**What you need to do**.
For the listing below, the answer is an exact retyping of the lines from the one with "スーパーマーケットやコンビニ" through the one with "Immagine Paesaggio astratto", both included, without pictures.

**Dataset records**.
==============================

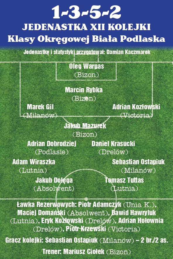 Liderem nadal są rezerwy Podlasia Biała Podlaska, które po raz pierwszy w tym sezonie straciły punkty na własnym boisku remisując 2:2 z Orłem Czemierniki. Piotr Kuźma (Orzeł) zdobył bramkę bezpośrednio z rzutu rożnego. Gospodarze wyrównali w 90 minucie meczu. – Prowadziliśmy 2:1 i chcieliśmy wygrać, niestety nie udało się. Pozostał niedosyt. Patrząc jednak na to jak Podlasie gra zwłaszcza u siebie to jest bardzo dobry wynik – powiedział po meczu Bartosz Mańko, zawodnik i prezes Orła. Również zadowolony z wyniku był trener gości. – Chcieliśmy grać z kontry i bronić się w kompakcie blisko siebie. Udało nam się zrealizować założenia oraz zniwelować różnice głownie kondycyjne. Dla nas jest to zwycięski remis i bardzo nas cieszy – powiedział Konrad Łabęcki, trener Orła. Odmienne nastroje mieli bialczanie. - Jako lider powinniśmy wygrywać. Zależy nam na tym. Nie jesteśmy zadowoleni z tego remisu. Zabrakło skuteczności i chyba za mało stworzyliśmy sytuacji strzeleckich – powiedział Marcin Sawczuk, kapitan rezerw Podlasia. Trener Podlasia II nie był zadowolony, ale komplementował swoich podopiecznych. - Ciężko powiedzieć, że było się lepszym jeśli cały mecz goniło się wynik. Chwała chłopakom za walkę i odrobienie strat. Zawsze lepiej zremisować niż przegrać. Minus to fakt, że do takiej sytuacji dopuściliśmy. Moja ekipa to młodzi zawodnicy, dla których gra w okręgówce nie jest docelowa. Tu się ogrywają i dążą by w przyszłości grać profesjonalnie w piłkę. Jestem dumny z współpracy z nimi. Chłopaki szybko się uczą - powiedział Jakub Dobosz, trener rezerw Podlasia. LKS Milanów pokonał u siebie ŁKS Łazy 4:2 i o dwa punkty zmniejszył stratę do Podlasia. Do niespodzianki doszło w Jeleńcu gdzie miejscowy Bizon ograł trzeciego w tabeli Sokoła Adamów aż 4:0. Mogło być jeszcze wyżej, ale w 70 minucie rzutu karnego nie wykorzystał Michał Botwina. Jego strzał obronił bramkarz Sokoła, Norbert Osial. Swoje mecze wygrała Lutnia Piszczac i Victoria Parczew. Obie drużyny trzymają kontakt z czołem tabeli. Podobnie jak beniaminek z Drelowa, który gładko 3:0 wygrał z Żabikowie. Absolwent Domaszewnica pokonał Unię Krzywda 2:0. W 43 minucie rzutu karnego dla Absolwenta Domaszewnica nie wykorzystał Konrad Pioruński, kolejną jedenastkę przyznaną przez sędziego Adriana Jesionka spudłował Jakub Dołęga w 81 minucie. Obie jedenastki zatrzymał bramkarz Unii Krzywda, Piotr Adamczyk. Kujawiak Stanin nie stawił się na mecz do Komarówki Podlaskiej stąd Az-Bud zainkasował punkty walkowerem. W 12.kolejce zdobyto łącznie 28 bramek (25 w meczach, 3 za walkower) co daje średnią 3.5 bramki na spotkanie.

==============================

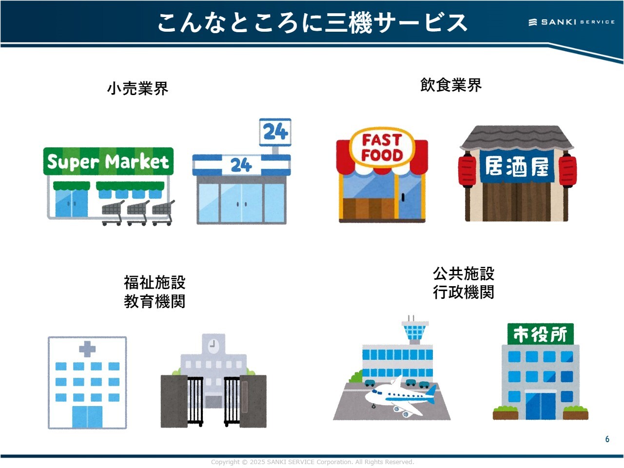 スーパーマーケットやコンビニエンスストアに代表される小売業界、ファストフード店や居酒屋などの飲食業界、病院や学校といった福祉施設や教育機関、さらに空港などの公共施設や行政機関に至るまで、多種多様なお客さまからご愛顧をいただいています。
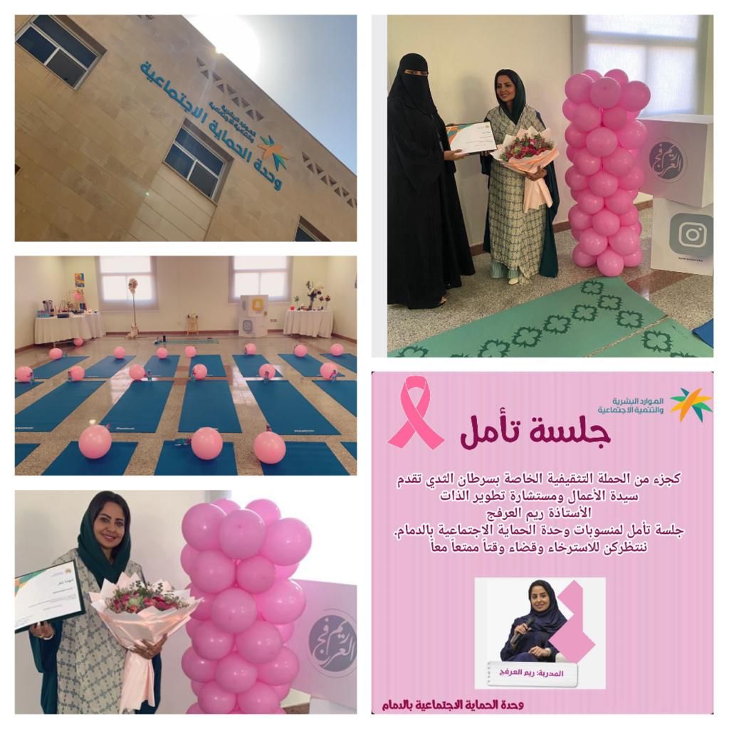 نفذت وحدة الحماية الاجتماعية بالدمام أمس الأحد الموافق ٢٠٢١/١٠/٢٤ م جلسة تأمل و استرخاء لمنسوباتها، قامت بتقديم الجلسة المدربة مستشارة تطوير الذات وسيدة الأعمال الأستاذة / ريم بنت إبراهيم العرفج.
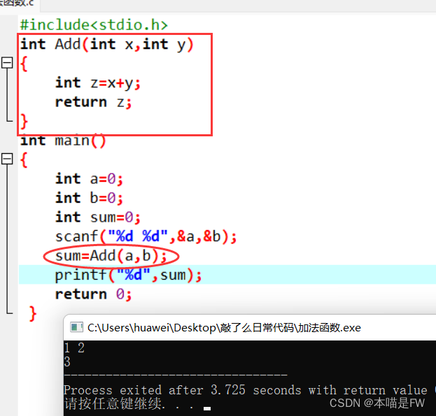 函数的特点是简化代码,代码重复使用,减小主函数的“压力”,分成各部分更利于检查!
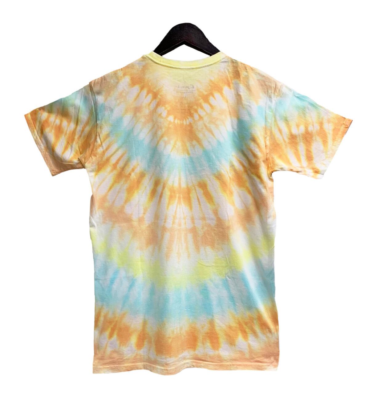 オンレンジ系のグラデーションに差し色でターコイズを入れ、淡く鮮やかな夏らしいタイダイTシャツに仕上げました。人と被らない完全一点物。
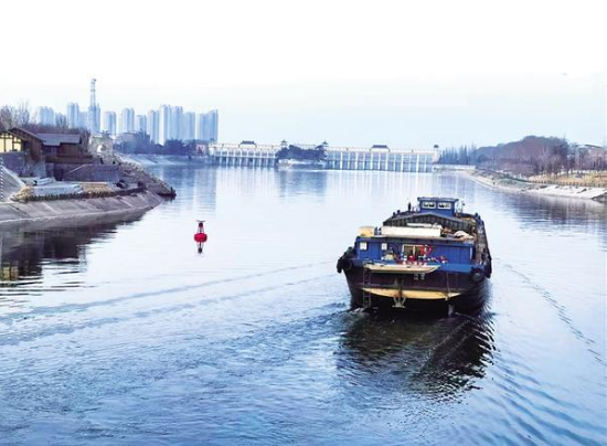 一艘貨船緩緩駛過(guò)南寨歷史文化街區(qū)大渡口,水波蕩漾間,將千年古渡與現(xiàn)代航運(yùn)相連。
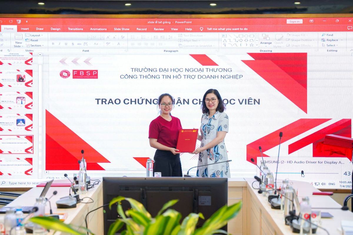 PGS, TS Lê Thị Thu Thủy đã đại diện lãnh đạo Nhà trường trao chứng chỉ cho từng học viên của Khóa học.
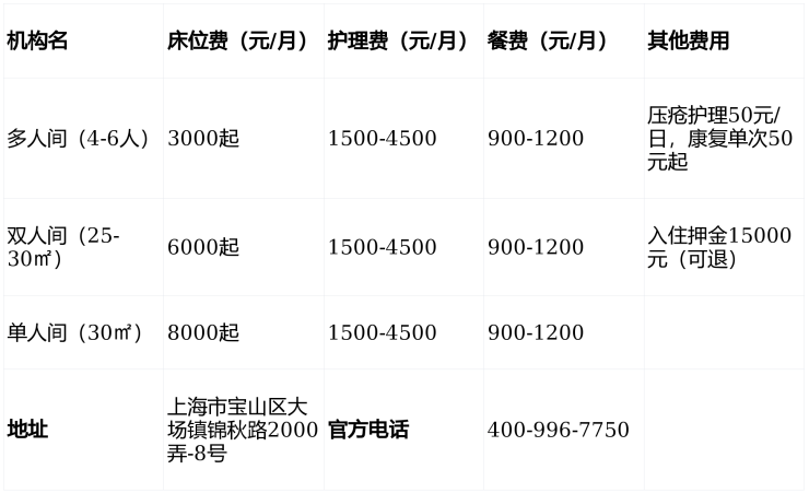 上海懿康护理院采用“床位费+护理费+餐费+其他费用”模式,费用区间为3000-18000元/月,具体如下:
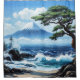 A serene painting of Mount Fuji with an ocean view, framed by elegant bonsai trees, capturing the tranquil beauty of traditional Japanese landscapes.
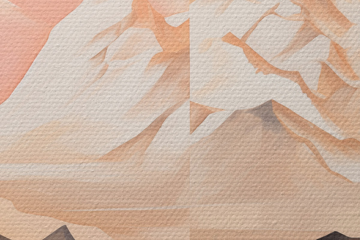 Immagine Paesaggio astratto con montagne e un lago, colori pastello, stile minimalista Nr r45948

==============================

**Completed task**.
 スーパーマーケットやコンビニエンスストアに代表される小売業界、ファストフード店や居酒屋などの飲食業界、病院や学校といった福祉施設や教育機関、さらに空港などの公共施設や行政機関に至るまで、多種多様なお客さまからご愛顧をいただいています。
 نفذت وحدة الحماية الاجتماعية بالدمام أمس الأحد الموافق ٢٠٢١/١٠/٢٤ م جلسة تأمل و استرخاء لمنسوباتها، قامت بتقديم الجلسة المدربة مستشارة تطوير الذات وسيدة الأعمال الأستاذة / ريم بنت إبراهيم العرفج.
 函数的特点是简化代码,代码重复使用,减小主函数的“压力”,分成各部分更利于检查!
 オンレンジ系のグラデーションに差し色でターコイズを入れ、淡く鮮やかな夏らしいタイダイTシャツに仕上げました。人と被らない完全一点物。
 一艘貨船緩緩駛過(guò)南寨歷史文化街區(qū)大渡口,水波蕩漾間,將千年古渡與現(xiàn)代航運(yùn)相連。
 PGS, TS Lê Thị Thu Thủy đã đại diện lãnh đạo Nhà trường trao chứng chỉ cho từng học viên của Khóa học.
 上海懿康护理院采用“床位费+护理费+餐费+其他费用”模式,费用区间为3000-18000元/月,具体如下:
 A serene painting of Mount Fuji with an ocean view, framed by elegant bonsai trees, capturing the tranquil beauty of traditional Japanese landscapes.
 Immagine Paesaggio astratto con montagne e un lago, colori pastello, stile minimalista Nr r45948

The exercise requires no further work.